Key insights and market outlook
Hong Kong's private residential property prices rose 0.9% month-on-month in November 2025, marking six consecutive months of growth. The increase was driven by interest rate cuts and a buoyant stock market, which have boosted buyer sentiment. Year-to-date, property prices have risen 2.8%, reversing the declining trend since 2021.
Hong Kong's private residential property prices have demonstrated significant resilience with a 0.9% month-on-month increase in November 2025, according to data from the Rating and Valuation Department. This marks the sixth consecutive month of growth, indicating a strong recovery in the property market. The increase was previously reported at 0.4% in October after revisions.
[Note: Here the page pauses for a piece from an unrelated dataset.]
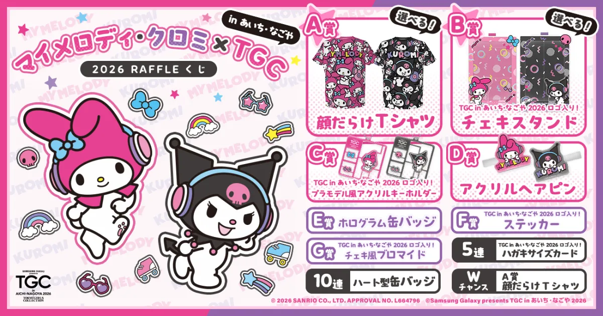この「マイメロディ・クロミ × TGC in あいち・なごや 2026 RAFFLEくじ」は、2026年の2月14日から販売が開始されます。TGC愛知公演の特別な記念企画として位置づけられています。くじでは、ここでしか手に入らないマイメロディとクロミのイラストを使用した多彩なアイテムが用意されています。

The recent surge in property prices can be attributed to several key factors. Interest rate cuts have made borrowing more affordable, while a buoyant stock market has enhanced overall investor confidence. These factors have combined to boost buyer sentiment, driving demand in the property market. The positive trend is evident in both month-on-month and year-to-date figures, with prices showing a 2.8% increase year-to-date, reversing the declining trend observed since 2021.
The sustained growth in Hong Kong's property market suggests a positive outlook for the local economy. As interest rates remain accommodative and the stock market continues to perform well, the property sector is likely to remain robust. This trend is particularly significant as it marks a departure from the declining prices seen in previous years, indicating a potential stabilization and recovery in the market.